▶ [EXERCISE DATA]
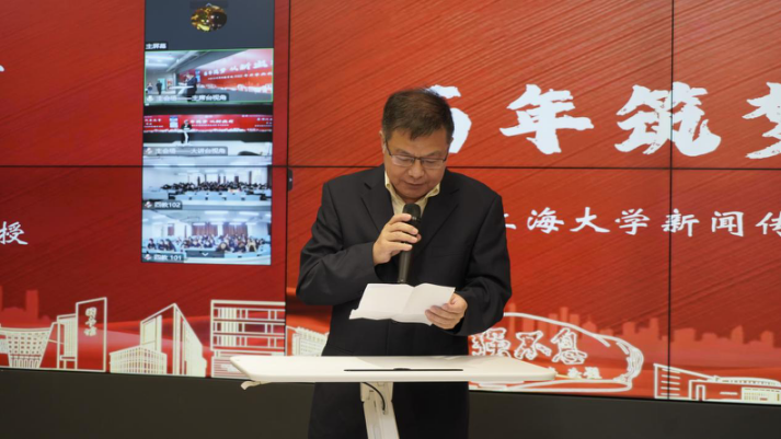求学追梦的路上离不开老师们启迪心灵的谆谆教诲。学院老师们的一路陪伴与关爱,更是感动着每一位上大新传人。开学典礼上,本硕老生万涛、马家骏、王聂珺、汪欣颖代表学院全体同学向敬爱的老师们献上朗诵《让我这样感谢您》,以表达大家心中最诚挚的感谢。
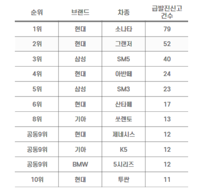 급발진 신고 건수와 순위가 높다고 위험한 차량은 아닙니다. 차종의 판매 대수가 많을수록 신고 건수가 많은 것을 확인할 수 있습니다. 무슨 차를 타든지 위험 상황에 대비하여 대처방법을 기억하고 있는 것이 중요하겠습니다.
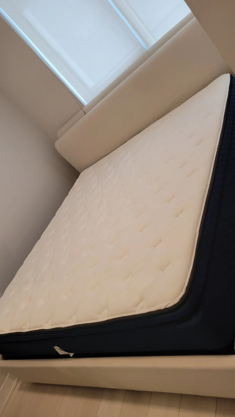 Selling a bed frame in almost condition! It features a simple, upholstered design that would look great in any bedroom. The neutral colour makes it easy to match with your existing decor. Let me know if you're interested!
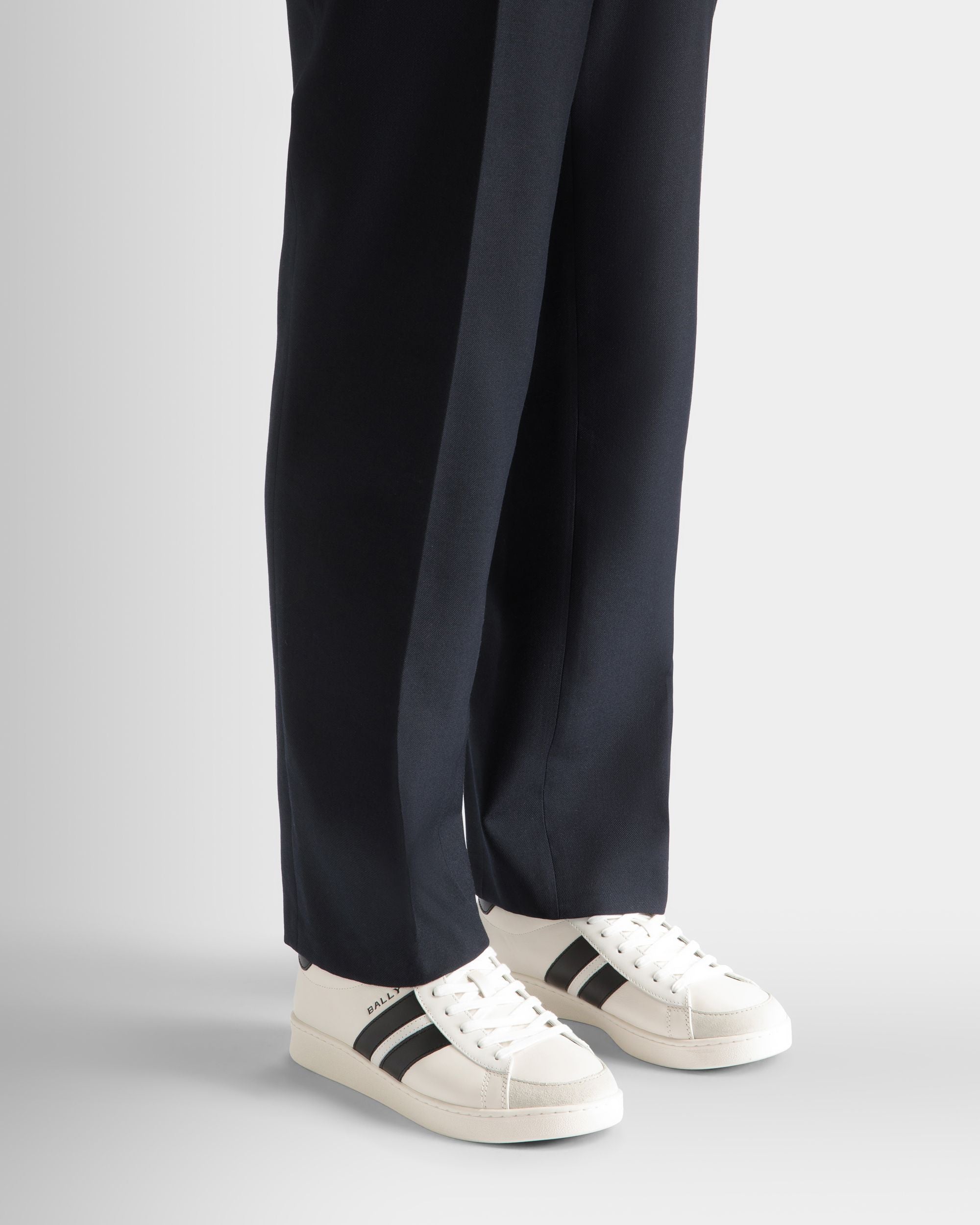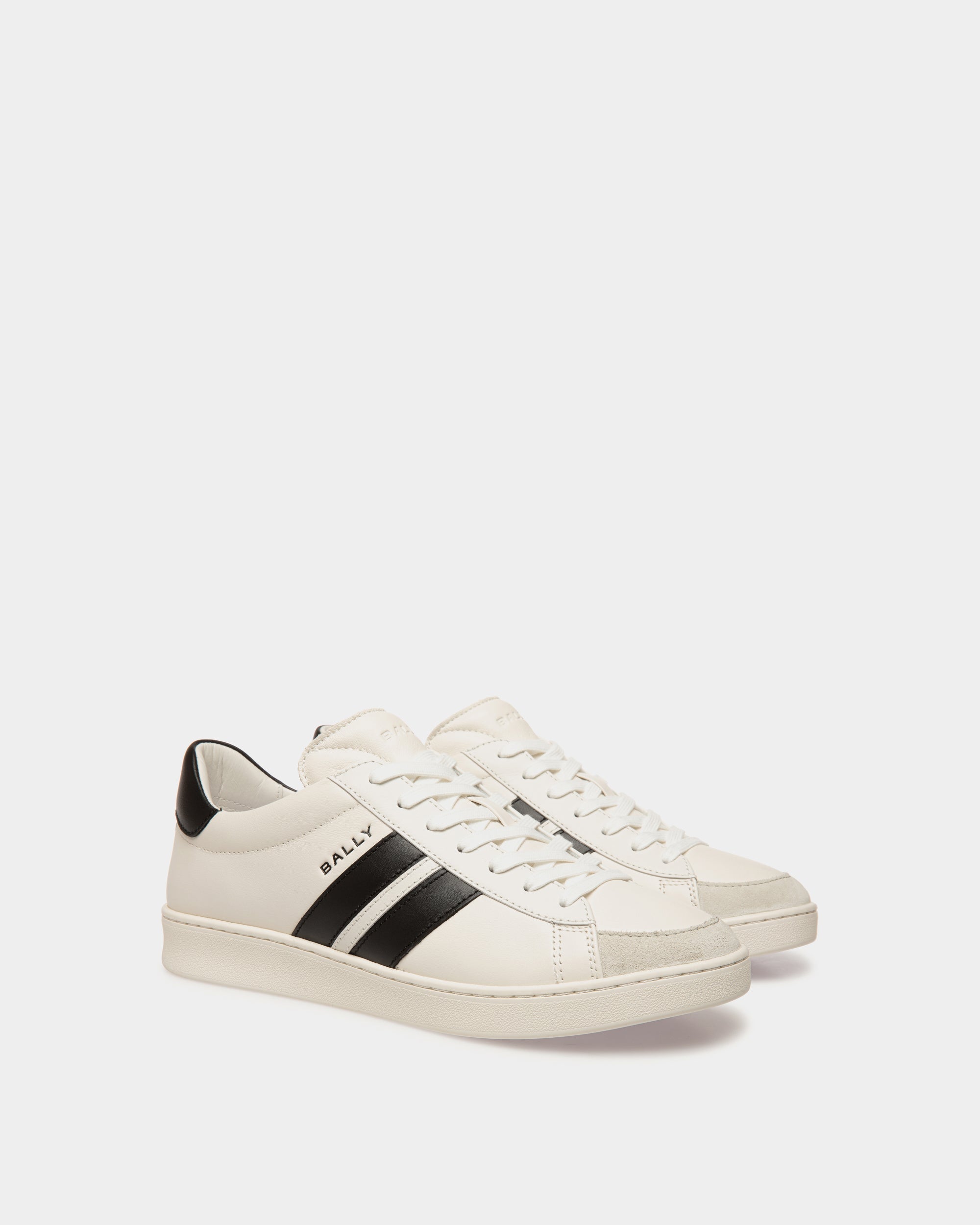 Crafted from premium white leather and finished with a classic rubber sole. these sneakers offer a modern twist on a timeless design. The Bally Ribbon in a high-contrast black and white version trims the outer sides.

▶ [YOUR ASSIGNMENT] Copy exactly, please, every line from the one holding "급발진 신고 건수와 순위가" through the last line of the data, both ends included, and no pictures.

▶ [OUTPUT FOR THIS TASK]
 급발진 신고 건수와 순위가 높다고 위험한 차량은 아닙니다. 차종의 판매 대수가 많을수록 신고 건수가 많은 것을 확인할 수 있습니다. 무슨 차를 타든지 위험 상황에 대비하여 대처방법을 기억하고 있는 것이 중요하겠습니다.
 Selling a bed frame in almost condition! It features a simple, upholstered design that would look great in any bedroom. The neutral colour makes it easy to match with your existing decor. Let me know if you're interested!
 Crafted from premium white leather and finished with a classic rubber sole. these sneakers offer a modern twist on a timeless design. The Bally Ribbon in a high-contrast black and white version trims the outer sides.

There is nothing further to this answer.